Richard Say

Personal information
- Full name: Richard Say
- Nickname: "Ricky cat”
- National team: Canada
- Born: May 18, 1979 (age 47) Salmon Arm, British Columbia
- Height: 1.93 m (6 ft 4 in)
- Weight: 83 kg (183 lb)

Sport
- Sport: Swimming
- Strokes: Freestyle
- Club: Pacific Coast Swimming
- College team: University of Victoria

Medal record
Men's swimming
Representing Canada
World Championships (LC)
| Silver medal – second place | 2005 Montreal | 4×100 m freestyle |
| Silver medal – second place | 2005 Montreal | 4×200 m freestyle |
| Bronze medal – third place | 2007 Melbourne | 4×200 m freestyle |
World Championships (SC)
| Silver medal – second place | 2004 Indianapolis | 200 m freestyle |
| Bronze medal – third place | 1999 Hong Kong | 4×200 m freestyle |
| Bronze medal – third place | 2004 Indianapolis | 100 m freestyle |
| Bronze medal – third place | 2004 Indianapolis | 4×100 m freestyle |
Pan Pacific Championships
| Silver medal – second place | 2006 Victoria | 4×100 m freestyle |
| Bronze medal – third place | 1999 Sydney | 4×200 m freestyle |
| Bronze medal – third place | 2002 Yokohama | 4×100 m freestyle |
| Bronze medal – third place | 2002 Yokohama | 4×200 m freestyle |
Commonwealth Games
| Silver medal – second place | 2002 Manchester | 4×200 m freestyle |
| Bronze medal – third place | 2002 Manchester | 200 m freestyle |
| Bronze medal – third place | 2002 Manchester | 4×100 m freestyle |
Pan American Games
| Bronze medal – third place | 1999 Winnipeg | 400 m freestyle |
| Bronze medal – third place | 1999 Winnipeg | 4×200 m freestyle |

= Rick Say =

Canadian swimmer (born 1979)

Richard Say (born May 18, 1979) is a three-time Olympic and National record-holding swimmer from Canada. Say swam as a child for the Salmon Arm Sockeye Swim Club with his two brothers and two sisters. At the age of 18, he began attending the University of Victoria and started to swim seriously.
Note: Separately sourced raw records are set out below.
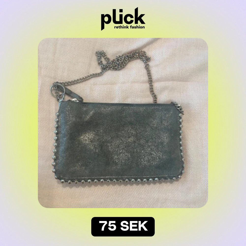 Säljer denna fina silveraktiga handväska från Zara. Helt okej skick. Går att ta av kedjan om man vill använda den som kuvertväska ❤️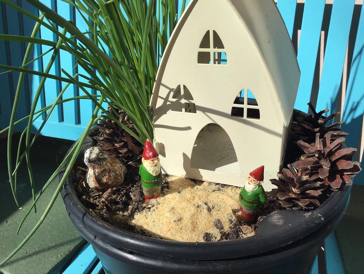 Koska minulla ei ole puutarhaa, laitoin tädiltä saamani tonttuveitsen ja -lusikan nyt keväällä parvekkeella kasvavan ruohosipulin ja talvesta parvekkeelle jääneen kynttilälyhdyn viereen multaan seisomaan. Pihan hiekka on korppujauhoa. Piakkoin varmaan pihalla askeltaa pieniä tipuja, pääsiäisen kunniaksi…ja pajunkissa mahdollisesti myös ilmestyy virpomiskoristeineen talon lähistölle.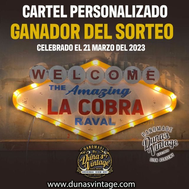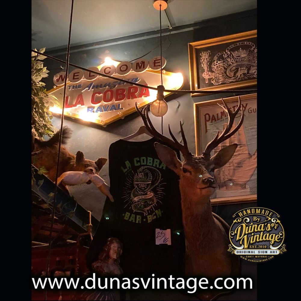 Como ya sabéis hice un sorteo por llegar a 10K de un cartel de Welcome las Vegas personalizado, el ganador fue La Cobra una Coctelería del Raval en Barcelona con una decoración muy autentica que el cartel ha quedado muy autentico, os adjunto fotos del cartel terminado y ya colgado en el local.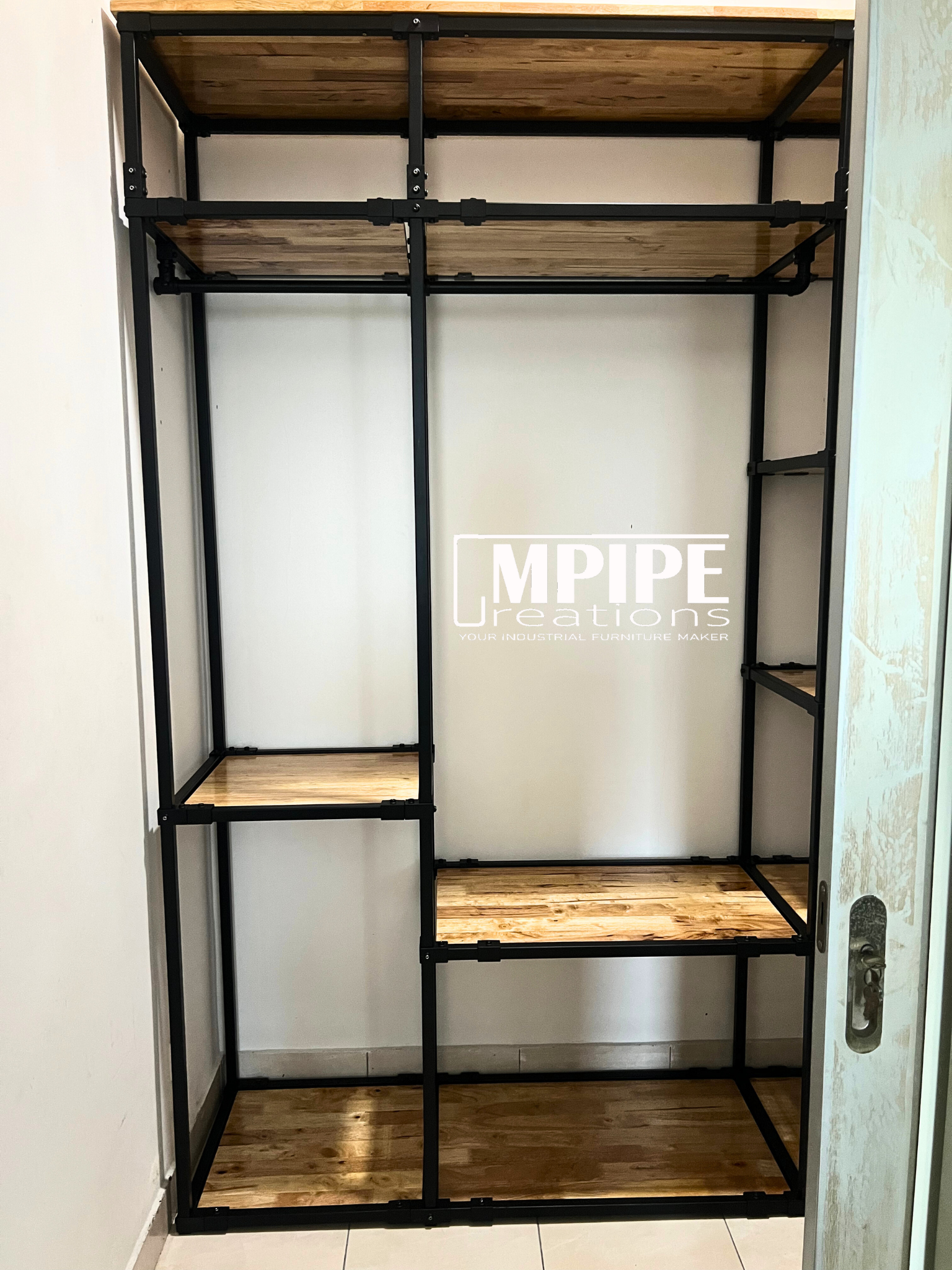 Built with a thick, sturdy hollow metal frame and multiple layers of varnished rubberwood, it transforms a narrow rectangular room into a functional wardrobe area with impressive storage capacity.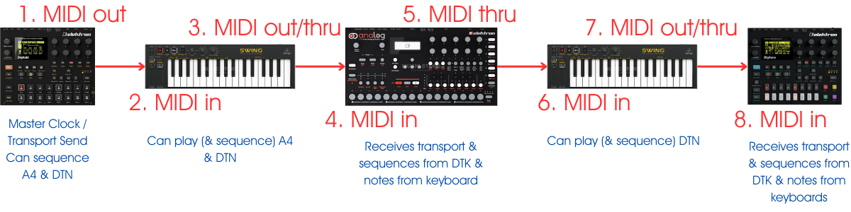 Digitakt as master clock/sequencer → MIDI out → MIDI in → keyboard → MIDI out (with ‘thru’ enabled) → MIDI in → A4 → MIDI thru → MIDI in → keyboard → MIDI out (with ‘thru’ enabled) → MIDI in → DTN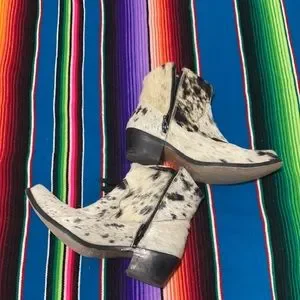 Step out in style with these unique cowhide ankle boots featuring chic fringe detailing. Perfect for adding a touch of rustic charm to any outfit.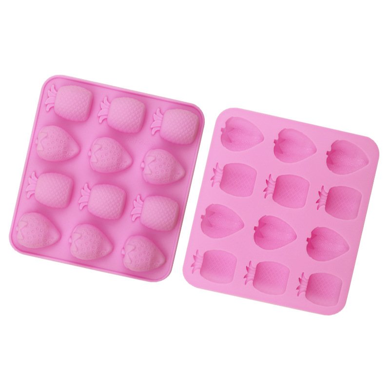 This multi cavity silicone mold makes 12 tiny fruits- 6 strawberries and 6 pineapples. It is a the perfect size for making candies, chocolates and more.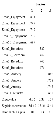 For gathering data from the children, a scale was used that was adapted from the Achievement Emotions Questionnaire - Elementary School (Pekrun, Lichtenfeld, Killi, & Reiss, 2007) which, in its original version, focused on emotions associated with the learning of mathematics. The items were adjusted to reading situations. They were presented to the children as statements which were read aloud, and the answer scale was pictorial, a sequence of five faces with different expressions which gradually became more identifiable as the emotion they referred to. Thus, the sequences of facial expressions were different for the three emotions in question, with different versions for boys or girls as well. In the factorial analysis carried out, the three-dimensional structure was clear and consistent with the original one, showing altogether an explained variance percentage of 63.29% and adequate values of internal consistency (Hair, William, Barry, Rolph, & Ronald, 2010) which varied between .80 and .83 (Table 1). The scale was thus composed of 13 items, considering three emotions: enjoyment (e.g. “I like reading”), boredom (e.g. “I think reading is so boring that all I want is to stop”) and anxiety (e.g. “When I have to read aloud I get nervous”).
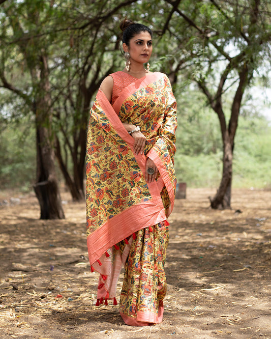 Tuscany Yellow And Coral Peach Floral Pattern Digital Print Art Tusser Silk Saree With Tassels Tuscany Yellow And Coral Peach Floral Pattern Digital Print Art Tusser Silk Saree With Tassels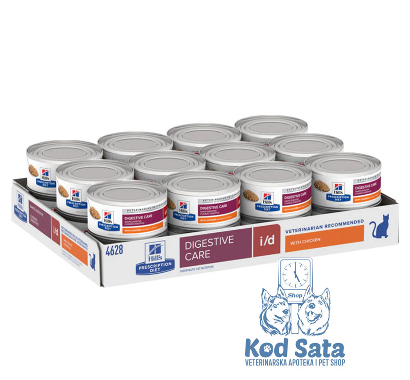 Hill's Prescription Diet i/d posebno je formulisana za mačke sa akutnom dijarejom, hroničnim enteropatijama, pankreatitisom i drugim stanjima koja dovode do lošeg varenja i smanjene apsorpcije hranljivih materija.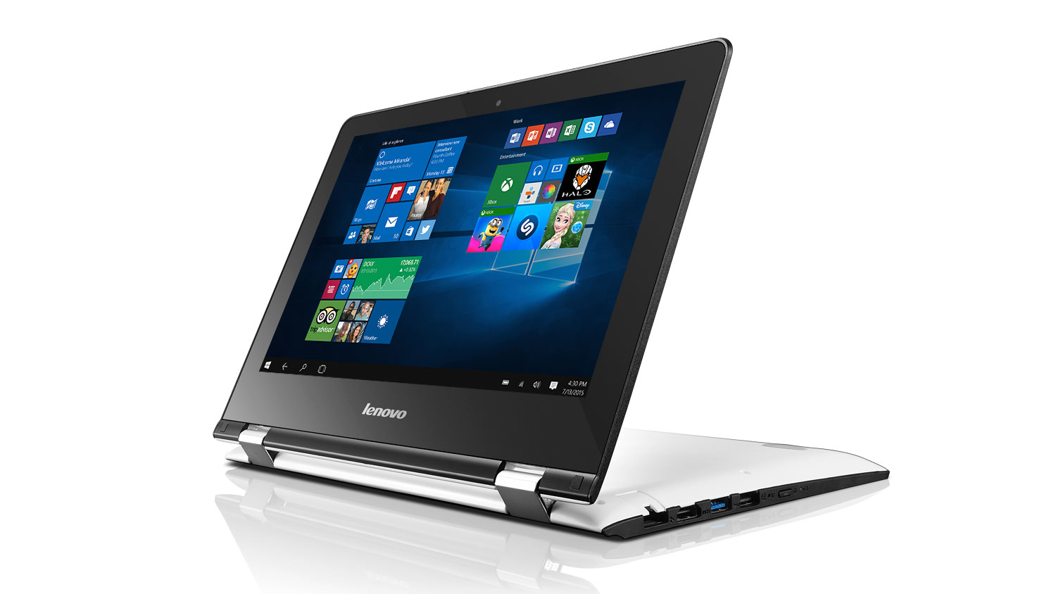 Yoga watchband hinge, 360 degree, four modes (Laptop, Tablet, Tent & Stand) 720p HD, 1.0 MP resolution, fi xed focus, integrated dual array microphone Graphics Intel HD Graphics 5300 in processor, supports external digital monitor via Micro HDMI Port (1080p support) ... Access Full Source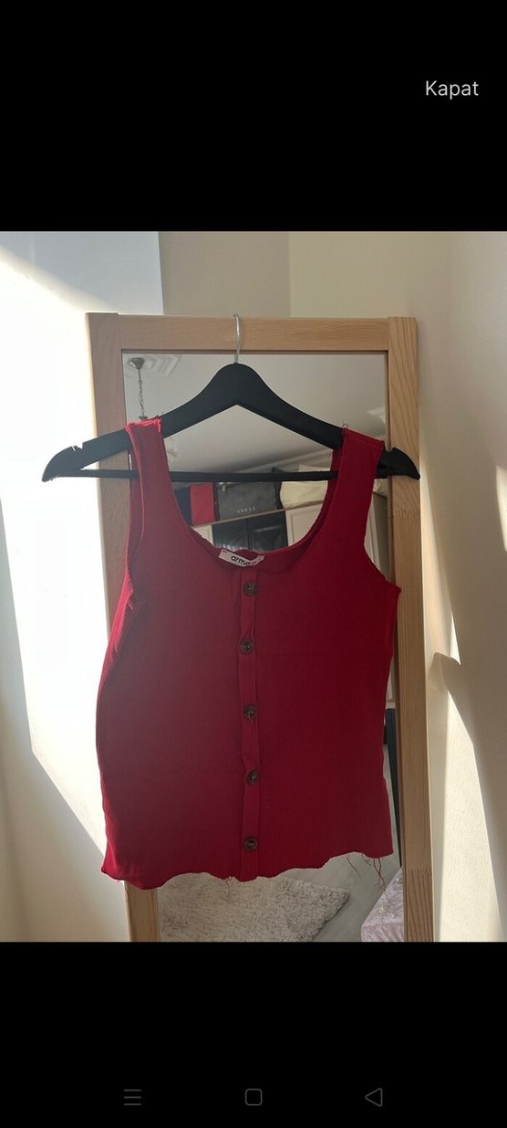Düğmeli, V yakalı, fitted kırmızı kadın atlet. Kolsuz, normal midi boyda, sentetik kumaştan, günlük sokak stiline uygun.
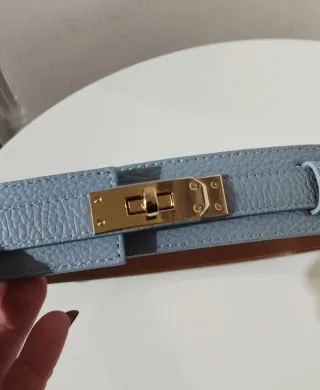Cintura vera pelle Made in Italy colore Celeste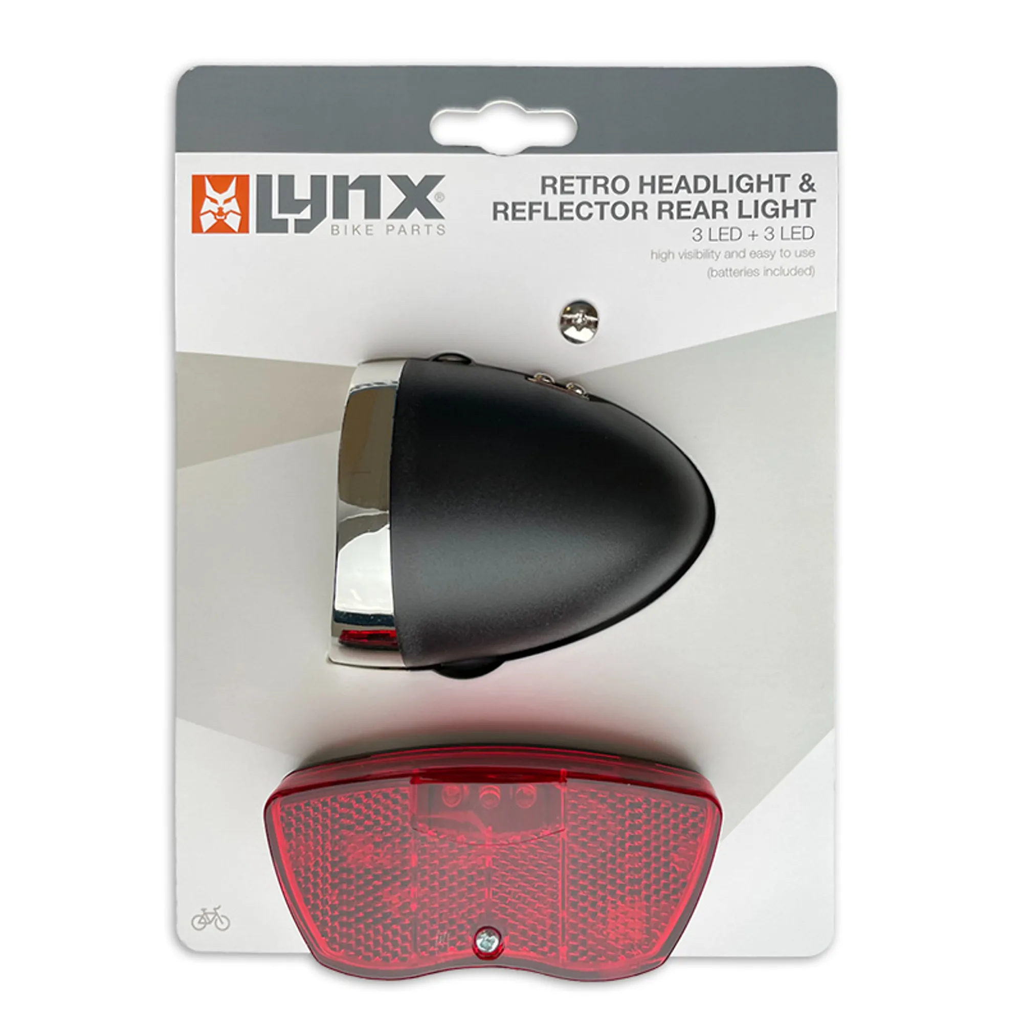 Kit d'éclairage de Lynx composé d'un phare avant rétro avec 3 LED super lumineuses et d'un feu arrière à réflecteur avec 3 LED super lumineuses, tous deux visibles jusqu'à 600 mètres. Le feu arrière s'adapte aux supports de 80 mm de large. Le kit d'éclairage est livré sur une carte à suspendre.

Say became a mainstay of the National Swim Team, starting in 1998. His career to date includes 20 national titles and Canadian records in five individual events – 100 free, 200 free, 400 free (scm), 200 free and 400 free (lcm) – not to mention the vast number of national relay records he has been involved in. He has competed for Canada at three Olympic Games (2000, 2004 and 2008), reaching the finals of the 200 freestyle in 2000 and 2004. He has been to four World Championships (2001, 2003, 2005 and 2007) where he was an integral part of Canada's relays which swam in the finals.

At the 2004 World Short Course Championships, Say won three medals – a silver in the 200 free, and bronze in both the 100-metre freestyle and 4x100-metre freestyle relay, both in Canadian record time. At the Commonwealth Games (1998, 2002) he earned one silver medal and two bronze medals. He has been to two Pan Pacific Championships (1999, 2002), winning 3 bronze medals, all in relays and placing a career high 4th for the 200-metre freestyle. At the 1999 Pan American Games, he was a dual bronze medalist in the 400-metre freestyle and 4x200-metre free relay.

At the 2004 Olympics, Say created a minor controversy after the 4×200-metre freestyle relay immediately in the post-race interview which was aired live on national television, when he said that he was "pissed off at not being able to make up for my teammates' mistakes". The other three team members - Brent Hayden, Brian Johns, and Andrew Hurd - expressed disappointment not in the effort, which broke the Canadian record by over 3.5 seconds, but only in the 5th-place finish which was out of the medals.

Say's 4x200-metre freestyle relay, however, bounced back to win two silver medals at the 2005 World Championships in Montreal in 2005.

Since 2004, Say has been less successful, losing his national 200-metre freestyle title to Brent Hayden, from Vancouver, British Columbia. At the 2006 Commonwealth Games in Melbourne, Australia, Say swam a world-class time of 1:48, but finished out of the medals in fourth place.

At the 2008 Summer Olympics, he was a member of the Canadian teams that finished sixth in the 4x100-metre freestyle relay and fifth in the 4x200-metre freestyle relay.